Freelandia was a low-cost counter-culture airline company owned by founder Kenneth Moss that operated in 1973 and the beginning of 1974.  The company operated an aircraft that flew between various destinations, but in an attempt to avoid regulation by the Civil Aeronautics Board, the company did not call itself an airline.  Instead, it positioned itself as a travel club, with paid members who voted where the aircraft would fly.  It operated only one leased DC-8-21, but lower than expected sales caused the company to cease operations in 1974 after its aircraft was repossessed for non-payment.   After its demise, the company and its founder were charged with false advertising and fraudulent business practices by the State of California.

History
Company founder Kenneth Moss made $1.5 million in the stock market before he was 26 ().   He invested $1.15 million () of his own funds into the company, and received certification from the Federal Aviation Administration on August 7, 1973.   The company was founded as a non profit; Moss reported that income in excess of operating costs would be donated to worthy causes such as free clinics, free schools, and artists.  In order to avoid Civil Aeronautics Board regulation of its routes, it did not call itself an airline, but a travel club, with members voting on where the company's planes would fly. The company said that it had obtained landing rights in Hong Kong, Yugoslavia, and South America.

It flew one aircraft, a DC-8-21 which was painted entirely in a semi-dark yellow with a waving hand as its logo on the tail.   It was equipped with 149 seats with first class leg room and a 7-seat lounge that would allow the passengers to mingle.   Many of the seats were later removed and replaced with pillows with seat belts. It was decorated in what the company described as a "far-out chocolate-and-cream color".   In-flight service offered organic food, rock music, and a waterbed.  Entertainment options included books, chess, video games, and a pinball machine.  All of the company's flight personnel had at least 10,000 hours flight experience.  The company planned to add additional aircraft to its fleet every time the membership increased by 8,000.

Fares were announced as $69 from Honolulu to San Francisco, $12.50 from San Francisco to Los Angeles, $69 from Los Angeles to New York, and $100 from New York to Brussels.  In order to get those discounted rates, travellers had to obtain a membership, with an annual fee of $50 for adults and $25 for kids under 12.  The advertised fares were about $30 cheaper than other airlines for the flight from San Francisco to Honolulu, and about $200 less than usual for flights from the West Coast to Brussels.  The company stated that three thousand people had signed up with the club before its first flight.  Its first flight took place on September 18, 1973 from San Francisco to Honolulu.

Demise
Operations ended within a year of its creation due to low sales. In November 1973, overseas flights were scrapped because the company could not fill the flights.
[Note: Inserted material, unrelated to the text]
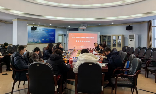 2023年12月14日上午,人文学部专家组到公共外语教育学院召开本科教育教学审核评估第一轮学院自评线下考察会。专家组组长蔡大伟,副组长郝陶群,专家孙明丽、孙一、王延彬,OBE指导专家杨永健及专家组秘书张强莅临我院指导;公共外语教育学院领导班子全体成员、教学委员会主任、校级督学、教师代表及教学办全体成员参加会议。

In May 1974, the company's aircraft was repossessed by the leasing company for non-payment.  It flew an estimated 40 or 50 flights, mostly coast to coast, before operations ceased, but interest from members wasn't enough to fill the flights to make them profitable.  Despite saying that flights to Hawaii would occur three times per month, it only flew there twice and the second time it had trouble obtaining fuel for the return flight.

In late 1974, the company and its founder were charged in a civil suit by the State of California for false advertising and fraudulent business practices. While the company had been set up as a non-profit business, the founder also set up three other for-profit corporations that were paid by the company to perform various services. Rolling Stone Magazine claimed that the founder stood to make several million dollars from the venture.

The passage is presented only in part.